Here's an excerpt from a June 24 Gongwer report concerning a Center on Education Policy study showing Ohio's testing and accountability program is working. Terry Ryan, Fordham's Ohio vice president for programs and policy, spars with the Ohio Education Association over the issue of whether the state should hold schools and students accountable for academic results. See the entire article here (subscription required).
...Michele Prater, spokeswoman for the Ohio Education Association, said the current emphasis on testing could hamper teachers' efforts to develop students to their full potential.
"We call on elected officials to foster transformation in the classroom by freeing teachers from the current overuse of standardized testing," she said. "No Child Left Behind and other similar unenlightened mandates overemphasize high stakes testing and saddle some schools and districts with punitive labels, while stifling innovation and creativity in classroom teaching," she said.
Mr. (Terry) Ryan dismissed criticism of intensive testing, saying there was no data to show that it has discouraged other types of creative learning. Standardized test scores reflect the success that schools are having success [sic] in teaching critical skills, he added.

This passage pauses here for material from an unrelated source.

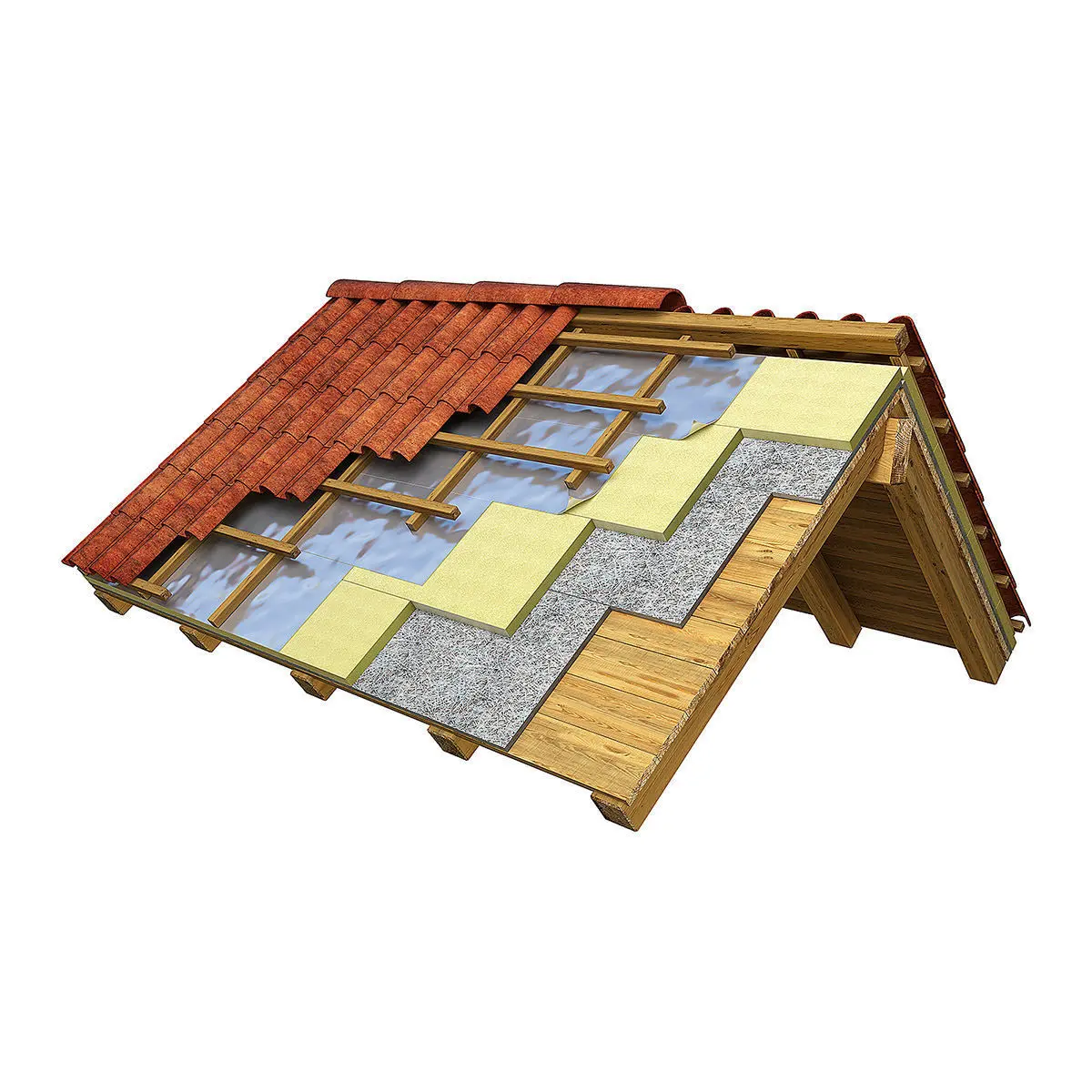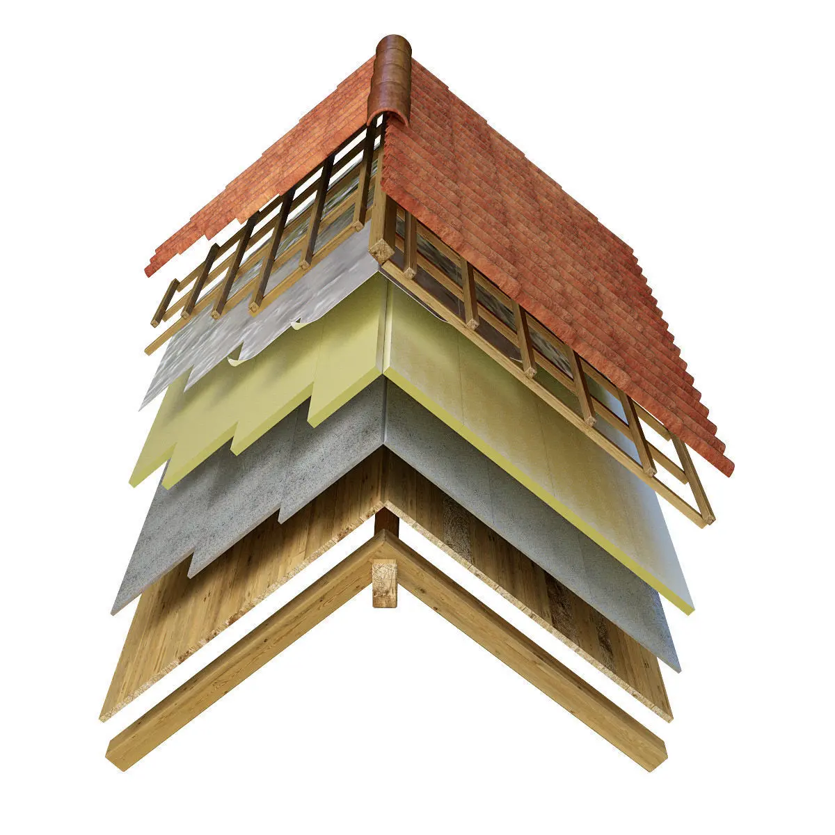 Highly detailed 3D model of an insulated roof section with exploded layers. Modelled in Blender 2.77 with materials and high resolution diffuse, normal and specular maps, for accurate rendering. Ready to be rendered with Cycles as shown in the pictures. This model require a 2.77 Blender built with Cycles render engine. Different builts can give a little different results. This model has a clean quads based geometry and it is exported in .3ds, .dae, .fbx and .obj. The model can be subdivided according to your needs or used as it is for realtime renderings. Shaders are created and usable only inside Blender, but materials and textures are still presents in the other formats.

"These are basic cognitive skills that you need to be functional in the United States, and if you look at the results from these tests, it shows that Ohio is starting to make headway in getting children to actually have these skills, including the poorest and neediest of our children," he said.
Does it come at the expense of these children's creativity? Quite frankly, I'm not sure if I care if a child that can't read is creative," he said.